Let’s get ready for a weekend
A Little Something for the Weekend
Hey there,
Friday's here, and if you made it through another week with your sanity mostly intact, that counts as a win. Here are a few ideas to help you ease into the weekend and set up for a smoother Monday.
Something to do together
Try This: Family Playlist Session
This weekend, try making a family playlist together. Give everyone a chance to add 2–3 of their favorite songs—no judgment allowed. You might end up with Taylor Swift next to classic rock next to a song from a video game soundtrack, and that's the whole point. Put it on during dinner, while you're cleaning up, or just while hanging out. It's a simple way to hear what everyone's into right now, and you might be surprised by what your kids pick. Plus, it gives you something to listen to together that isn't just whatever's on the radio.

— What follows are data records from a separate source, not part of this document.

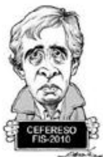
Rafael Barajas "FISGÓN"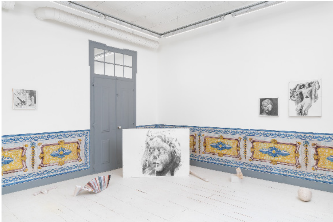
Les Fleurs du Mal La Junqueira Exhibition view 2025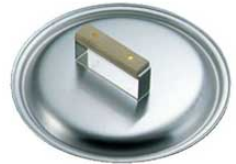
④ステンレス ギョーザ鍋用蓋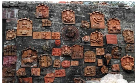
Figure No .7 Terracotta artwork Rajasthan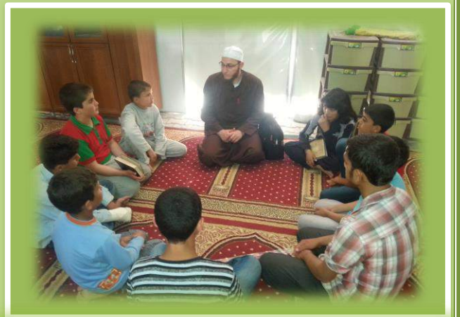
لقاء الطلبة النجباء في مخيم أورفت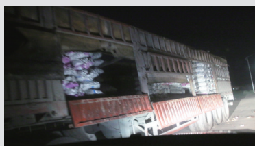
等待送煤的小车到来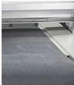
Imported guide rail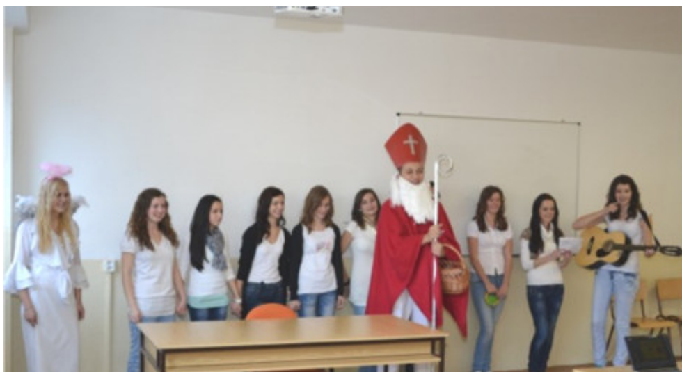
Gymnázium, Slovenská 5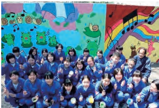
栃木・壬生中学による合材工場外壁壁画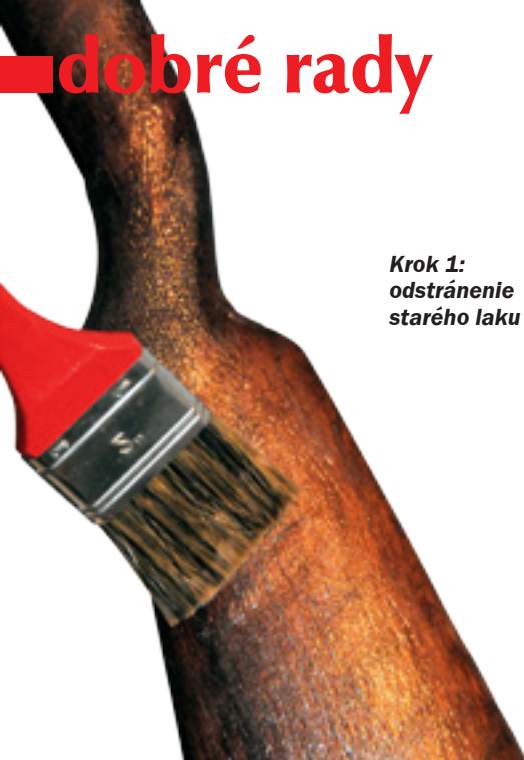
Krok 1: odstránenie starého laku

One Small Organization Win
Sunday Night Prep: The Morning Bin
If Monday mornings feel like a scramble, try this: create a simple "morning bin" in your pantry or on the counter with breakfast items grouped together. Cereal, granola bars, oatmeal packets, whatever your family grabs most often. The idea is that everything you need is in one spot, so nobody's digging through three shelves looking for breakfast at 7 a.m. It takes five minutes to set up and can shave off a surprising amount of chaos when everyone's rushing out the door.
Game to play together
Game Night Idea: Qwirkle
If you're looking for a game this weekend, try Qwirkle. It's a tile-matching strategy game that works for ages 6 and up, and a typical game takes about 30–45 minutes. You're basically building rows by matching colors or shapes, kind of like a mix between Scrabble and dominoes. It's easy to learn but still keeps older kids and adults interested. Good option if you've got a range of ages and want something that doesn't take all night.
What they’re saying
This week's word: It's giving
This phrase is used to describe the vibe or energy something or someone has. Kids use it to say what kind of impression something makes without stating it directly. For example, if someone shows up to school in a full denim outfit, a kid might say "it's giving 2005" or "it's giving cowboy." If a teacher brings way too much enthusiasm to a Monday morning lesson, they might say "it's giving Disney Channel energy." It's a way of capturing a mood or aesthetic in just a few words. You'll usually hear it as "it's giving [something]" where the something is whatever vibe they're picking up on.
Trivia for the family
Weekend Trivia
For younger kids: What is the only fruit that has seeds on the outside?
For older kids: What animal sleeps standing up and can't lie down for more than a few hours without getting sick?
(Answers at the bottom)
Things worth knowing
Fun Facts to Share
Science: Flamingos aren't naturally pink. They're actually born gray or white and only turn pink because of the shrimp and algae they eat. The pigments in their diet get stored in their feathers and skin. So if a flamingo stopped eating those foods, it would eventually fade back to a grayish-white color.
Language Arts: The word "bookkeeper" is the only common English word with three consecutive double letters—oo, kk, ee. There are some obscure or compound words that technically have this pattern, but bookkeeper is the only one most people actually use in regular conversation.
That's It for This Week
Whether your week was smooth or felt like you were just holding on, you made it to Friday. That's worth something.
Weekends look different for everyone. Maybe yours is packed with sports and errands, or maybe you're just trying to get everyone to sleep past 7 a.m. for once. Either way, it doesn't have to be perfect or productive to count. Sometimes the goal is just to reset a little before Monday rolls back around.
Take what works from this email and leave the rest. Hope you find some quiet in the chaos.
Trivia Answers
Younger: A strawberry. Despite the name, strawberries aren't technically berries in the botanical sense—but they are the only common fruit that wears its seeds on the outside. Each of those little yellow specks on the surface is actually a tiny fruit called an achene, and inside each one is a seed. A single strawberry can have around 200 of them.
Older: A horse. Horses sleep standing up most of the time by locking their leg joints, which lets them rest without lying down. But they do need to lie down for deep REM sleep, at least for short periods. If a horse stays down for too long—more than a few hours—its own body weight can restrict blood flow and damage its organs. It's one reason why a horse that can't get up is considered a medical emergency.